An Investigation into the Effect of Statins on HBA1C Levels in Pre-diabetic and Diabetic Patients
Growing concern about statin use and risk of developing diabetes mellitus. Some literature suggests diabetogenic effects with long term statin use (Casula et al., 2017; Kim et al., 2018; Navarese et al., 2013), especially for prediabetic patients (Kostapanos et al., 2009). Majority of prediabetics/diabetics are on statins due to age-related comorbidities or diabetic complications, with a greater than 50-fold increase in prescription prevalence between 1995 and 2013. We sought to analyse HbA1c levels over time for this patient group.
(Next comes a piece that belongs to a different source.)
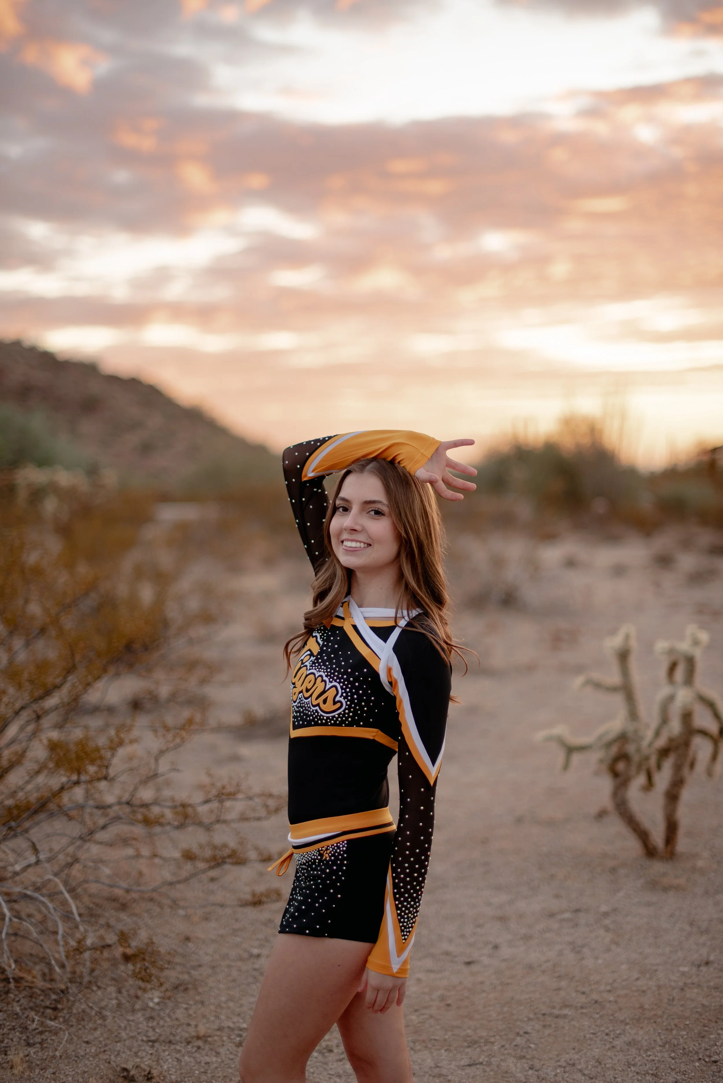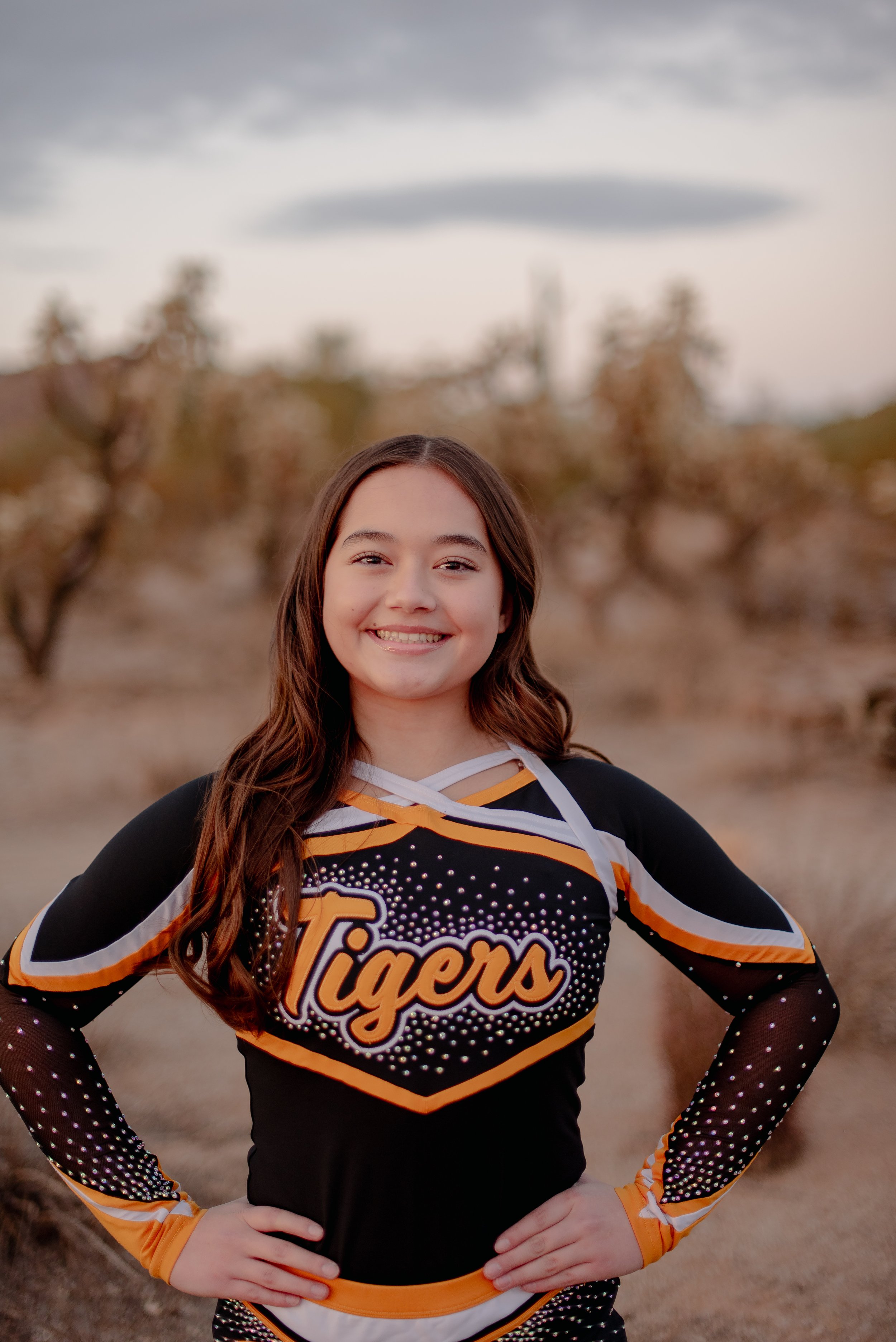 Cheer team photos in the desert were on the agenda this time - and wow they did not disappoint. We really wanted true golden hour desert photos for Varsity, so we stacked our schedule accordingly, and got the most perfect golden glow for their photos. Starting with Junior Varsity, we did team photos, individuals, and of course bestie pics for each of the three teams - JV, Varsity, and Comp Cheer. We had a bit of unplanned overlap with JV and Varsity that we were able to accommodate, and it made for some of the cutest bestie pics!!!

Filtered EMIS search, inclusion criteria: 1. Diabetic/prediabetic; 2. Continuous statin use for a full year; 3. HbA1c measures before, up to a month after and 9 months after statin commencement. Relevant data securely collected and analysed on Minitab 17 through paired t tests.
247 patients identified. 62 patients randomly selected for analysis. For prediabetics, mean HbA1c significantly increased (p=0.05) before statin use (41.1mmol/mol [40.2-43.9]) to after short-term statin usage (42.7mmol/mol [40.8-45.0]). There was a similar insignificant increase in diabetics.
Currently, no specific recommendations for statin use in prediabetics. Patients on long-term statins, at risk of developing diabetes, need regular HbA1c monitoring. Statins should be continued if diabetes develops, in accordance with NICE guidelines, as CVD complications pose a greater health risk and there is no evidence that statins affects glycaemic control. However, healthcare professionals should be aware of the diagnostic limitations of HbA1c, and should use it in conjunction with other tests for diagnosis.